21. Maar hoe hij nu ziet, weten wij niet; of wie zijn ogen geopend heeft, weten wij niet; hij heeft zijn ouderdom, vraagt hemzelven; hij zal van zichzelven spreken.
22. Dit zeiden zijn ouders, omdat zij de Joden vreesden; want de Joden hadden alrede te zamen een besluit gemaakt, zo iemand Hem beleed Christus te zijn, dat die uit de synagoge zou geworpen worden.
23. Daarom zeiden zijn ouders: Hij heeft zijn ouderdom, vraagt hemzelven.
24. Zij dan riepen voor de tweede maal den mens, die blind geweest was, en zeiden tot hem: Geef God de eer; wij weten, dat deze Mens een zondaar is.
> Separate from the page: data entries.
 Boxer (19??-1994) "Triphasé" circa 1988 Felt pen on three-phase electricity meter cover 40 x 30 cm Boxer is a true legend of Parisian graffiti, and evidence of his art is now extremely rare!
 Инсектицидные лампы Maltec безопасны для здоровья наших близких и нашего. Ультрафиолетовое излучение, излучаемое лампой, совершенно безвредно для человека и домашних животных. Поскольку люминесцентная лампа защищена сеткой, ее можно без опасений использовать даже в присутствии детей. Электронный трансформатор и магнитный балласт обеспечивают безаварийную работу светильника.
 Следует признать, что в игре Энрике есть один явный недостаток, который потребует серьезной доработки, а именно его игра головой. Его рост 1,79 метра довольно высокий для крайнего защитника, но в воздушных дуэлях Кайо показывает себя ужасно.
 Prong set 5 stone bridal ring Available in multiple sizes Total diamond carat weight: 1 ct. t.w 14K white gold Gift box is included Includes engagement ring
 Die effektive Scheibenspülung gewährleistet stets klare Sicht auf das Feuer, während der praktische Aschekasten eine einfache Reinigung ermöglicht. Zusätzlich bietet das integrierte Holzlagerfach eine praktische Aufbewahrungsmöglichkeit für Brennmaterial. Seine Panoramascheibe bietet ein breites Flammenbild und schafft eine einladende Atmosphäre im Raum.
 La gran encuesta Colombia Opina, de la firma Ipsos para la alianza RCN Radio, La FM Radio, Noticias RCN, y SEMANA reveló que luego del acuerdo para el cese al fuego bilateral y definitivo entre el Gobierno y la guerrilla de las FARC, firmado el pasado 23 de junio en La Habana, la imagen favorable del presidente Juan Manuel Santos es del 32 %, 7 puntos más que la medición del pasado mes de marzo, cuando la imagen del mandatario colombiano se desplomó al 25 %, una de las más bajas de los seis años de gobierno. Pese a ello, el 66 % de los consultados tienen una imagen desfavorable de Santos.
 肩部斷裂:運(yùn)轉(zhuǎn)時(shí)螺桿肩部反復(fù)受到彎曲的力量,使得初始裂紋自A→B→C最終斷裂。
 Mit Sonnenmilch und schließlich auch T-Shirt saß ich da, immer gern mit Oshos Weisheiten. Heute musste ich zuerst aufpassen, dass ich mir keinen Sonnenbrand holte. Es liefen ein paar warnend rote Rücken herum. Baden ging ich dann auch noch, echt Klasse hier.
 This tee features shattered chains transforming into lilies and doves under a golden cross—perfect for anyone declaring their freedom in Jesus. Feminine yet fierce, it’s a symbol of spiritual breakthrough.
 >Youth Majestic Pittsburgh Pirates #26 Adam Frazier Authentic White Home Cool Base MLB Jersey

25. Hij dan antwoordde en zeide: Of Hij een zondaar is, weet ik niet; een ding weet ik, dat ik blind was, en nu zie.
26. En zij zeiden wederom tot hem: Wat heeft Hij u gedaan? Hoe heeft Hij uw ogen geopend?
27. Hij antwoordde hun: Ik heb het u alrede gezegd, en gij hebt het niet gehoord; wat wilt gij het wederom horen? Wilt gijlieden ook Zijn discipelen worden?
28. Zij gaven hem dan scheldwoorden, en zeiden: Gij zijt Zijn discipel; maar wij zijn discipelen van Mozes.
29. Wij weten, dat God tot Mozes gesproken heeft; maar Dezen weten wij niet, van waar Hij is.